A notícia da antecipação do pagamento ao FMI - que é a uma das componentes mais dispendiosas da dívida total em termos de juros - retira argumentos aos que já aguçavam os dentes com a possibilidade de contraporem aos indicadores muito positivos da semana transata a notícia dela ter registado um novo record. Aquilo que aconteceu foi a sucessiva colocação de dívida no mercado a juro mais baixo para substituir a que tem um custo mais elevado. Como Centeno nos tem habituado vão-se gerindo com inteligência as finanças públicas dentro das contingências a que elas estão sujeitas.
Esta capacidade demonstrada pelo governo português para corresponder aos acordos com os parceiros parlamentares, respeitando ao mesmo tempo os compromissos europeus, não invalida o reconhecimento da necessidade de se vir a reestruturar mais tarde ou mais cedo a dívida pública.
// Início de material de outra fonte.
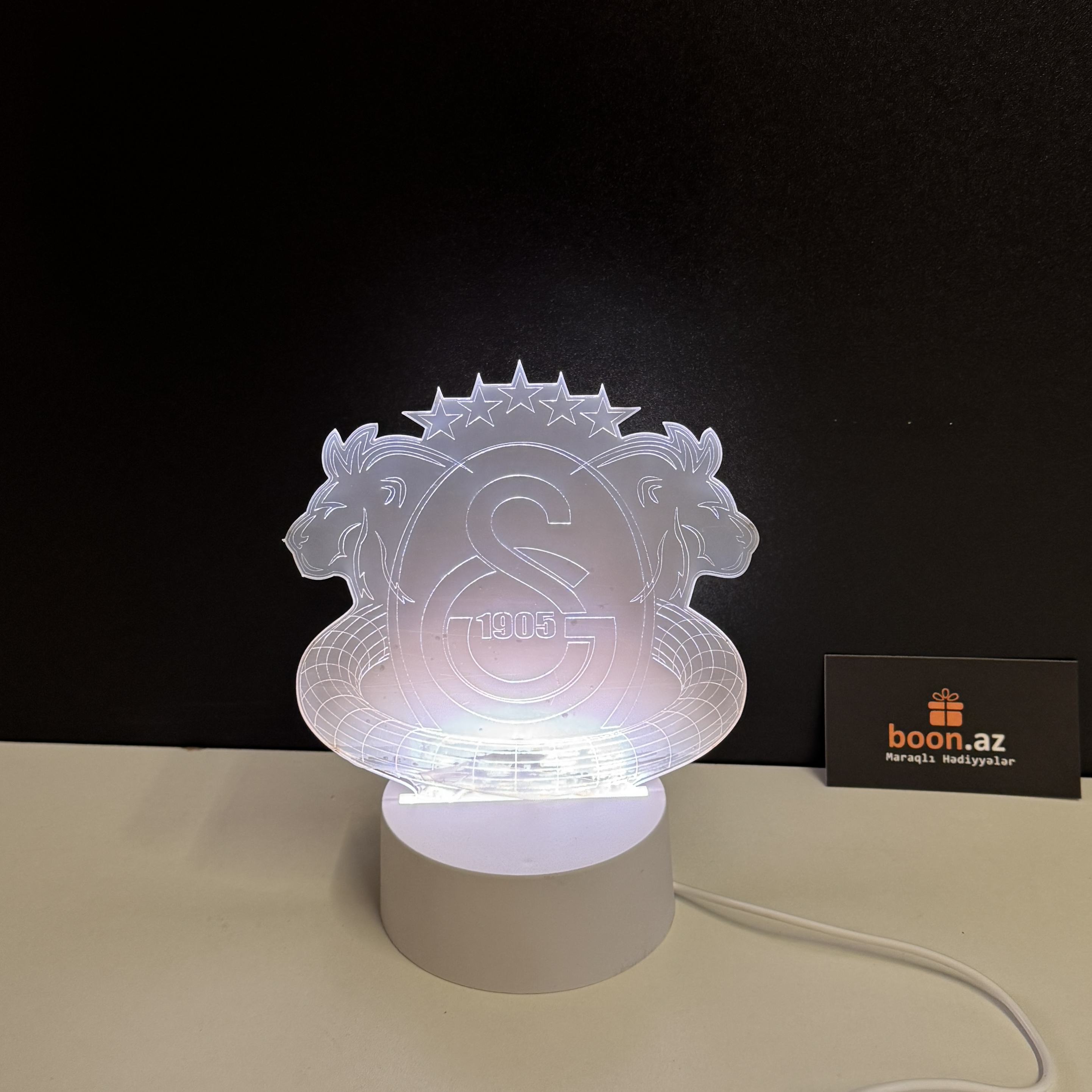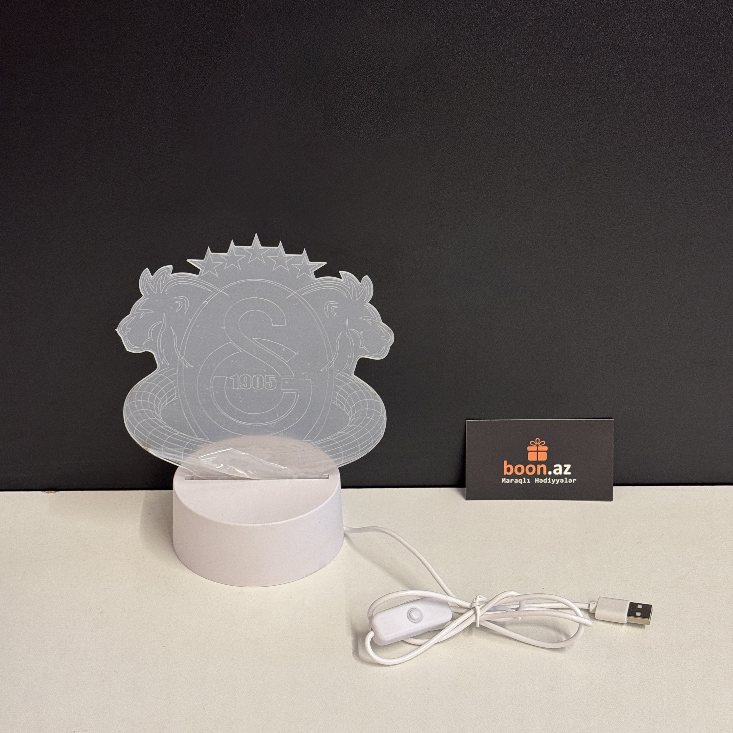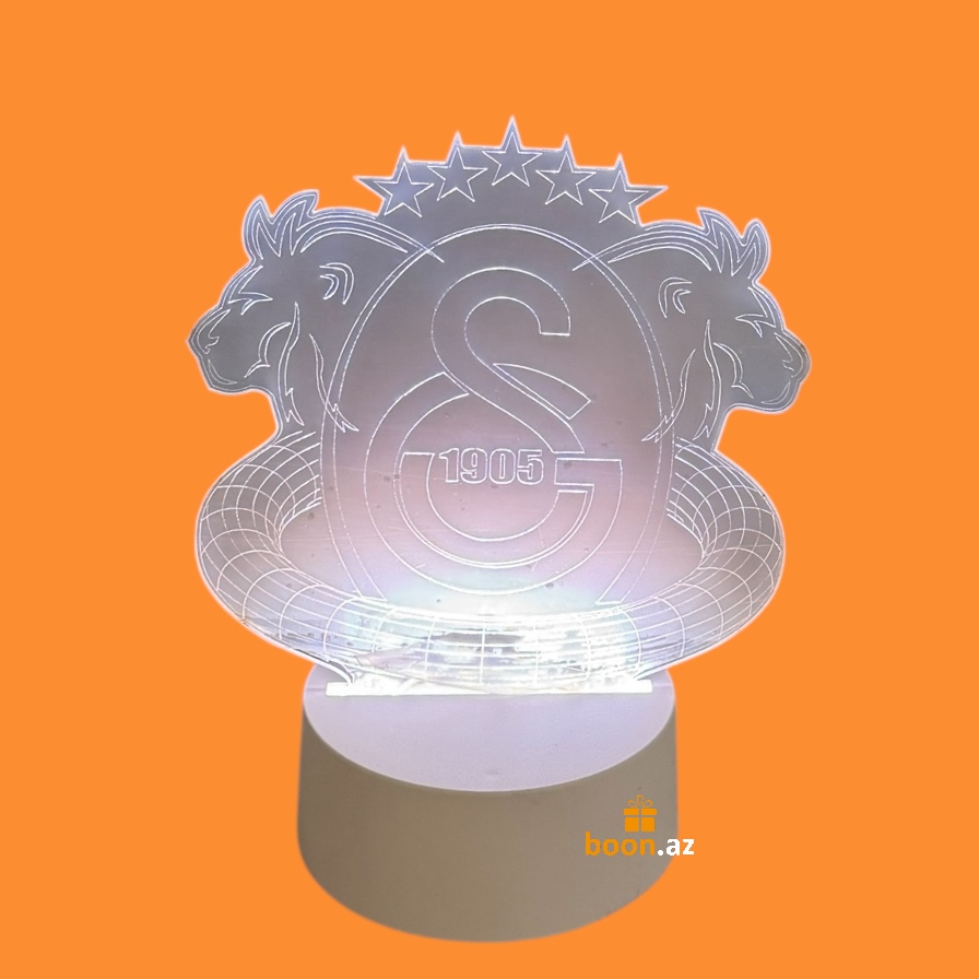 Настольная LED-лампа с акриловой панелью в форме логотипа футбольного клуба Galatasaray. Отлично подойдёт в качестве подарка для болельщиков или в качестве декоративного элемента для рабочего стола, полки или фан-зоны.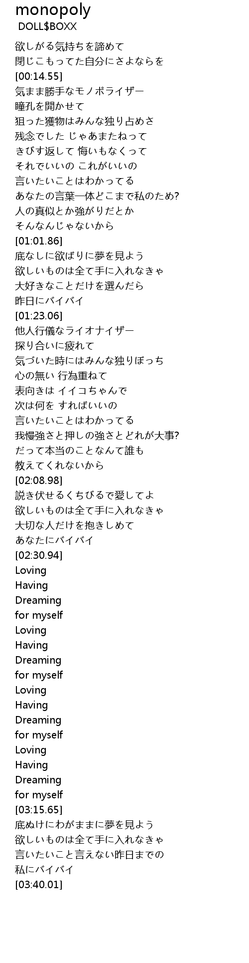 | [00:24.30] | 気まま勝手なモノポライザー |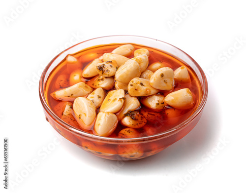 Pickled Garlic, Fermented Garlic Cloves with Red Chili Pepper, Hot Pickle Vegetable, Spices Garlic Cloves

É que se, hoje, o Estado consegue ter de receitas mais 5 mil milhões de euros do que no total das suas despesas, esse superavit ainda é insuficiente para remunerar os 8 mil milhões de euros anuais que se têm de pagar aos seus credores. Daí a razão para faltar dinheiro para os tão necessários investimentos públicos.
Não se trata, pois, de algo cuja responsabilidade caiba ao atual governo, antes corresponde à pesada herança legada pelo duo Passos Coelho/ Maria Luís Albuquerque.
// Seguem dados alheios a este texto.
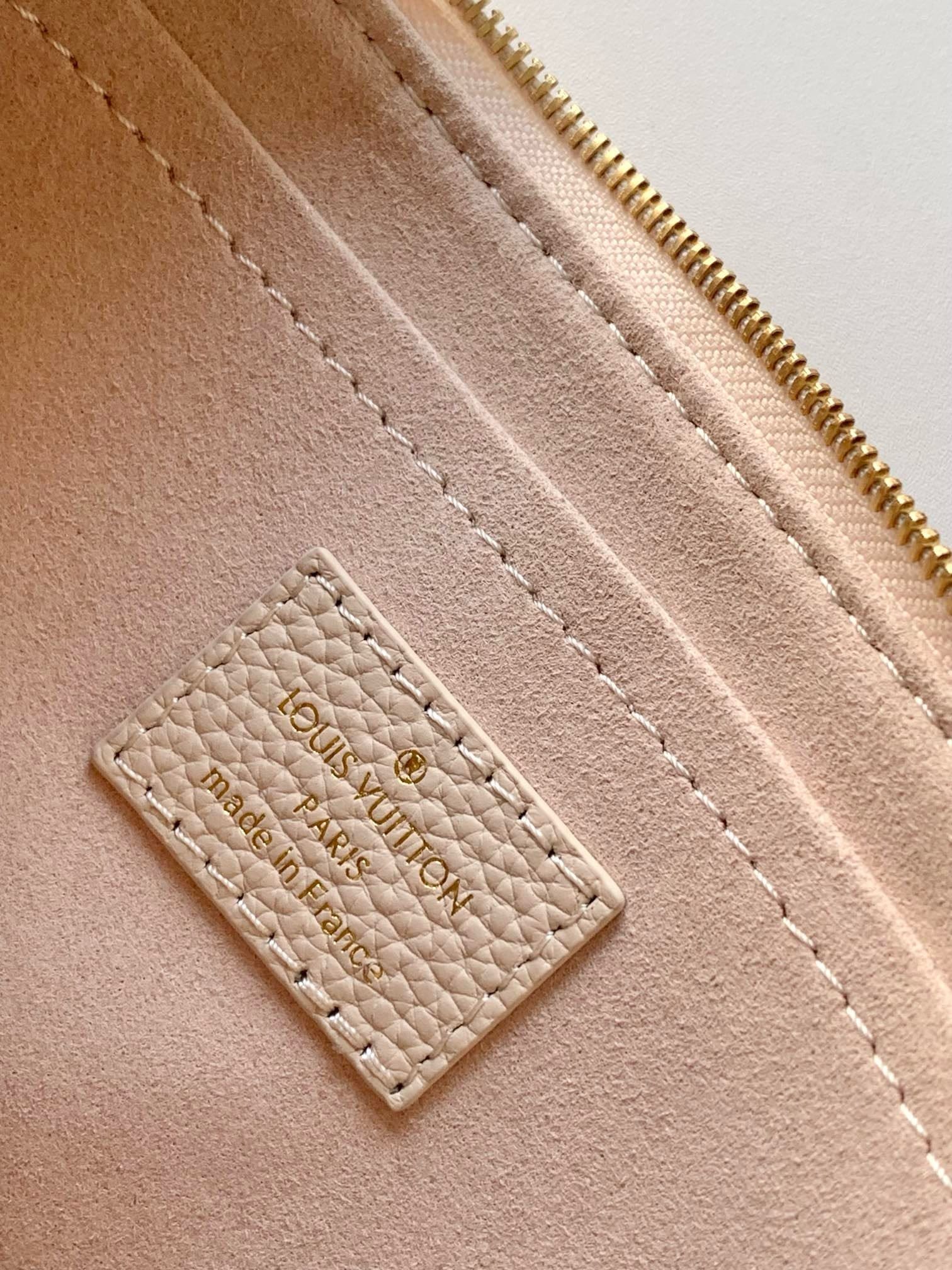 Made from cream-colored Monogram Empreinte leather, the Multi Pochette Accessoires handbag is composed of two pouches attached together. Both pouches are lined with matching cream-color microfiber, with the larger pouch also including an inside pocket. Thanks to a chain and a strap, both removable, this bag becomes very verstaile.

Num artigo excelente, publicado este mês na edição portuguesa do «Le Monde Diplomatique», a economista Eugénia Pires, atribui igualmente responsabilidade ao euro, que foi formatado para beneficiar os países do centro e norte da Europa, sangrando os recursos dos da periferia e do sul.
Apesar do Orçamento para 2017 incluir uma previsão de redução da dívida para 60% do PIB em 2046, a autora do texto «Como reestruturar a dívida pública?» atribui pouco crédito a essa perspetiva tendo em conta a extrema volatilidade dos indicadores macroeconómicos em que o ministério de Centeno se baseia. Pelo contrário receia, que se mantenha o efeito bola de neve pelo qual essa dívida prosseguirá em rota de crescente crescimento com os superavits na balança comercial a não chegarem para manter um défice nulo e pagar os juros aos credores.
Por isso ela considera que “a decisão de desviar receita fiscal para o pagamento do serviço da dívida na ausência de crescimento (…) representa um desperdício de recursos, quando o país mais deles necessita, bem como uma escolha política que, mais uma vez, reforça a primazia dada aos credores de dívida pública em detrimento dos cidadãos.” Daí conclua que “a dívida pública deve ser reestruturada também pela sua insustentabilidade económico-social.”
Nesta matéria não acredito que a equipa de Centeno discorde dos fundamentos com que, de forma mais aberta, os seus parceiros parlamentares exigem essa renegociação. A questão está em esperar pelo momento certo para, conseguidos os parceiros europeus capazes de engrossarem a mesma reivindicação, ela se torne incontornável mesmo para aqueles que nem sequer queriam disso ouvir falar.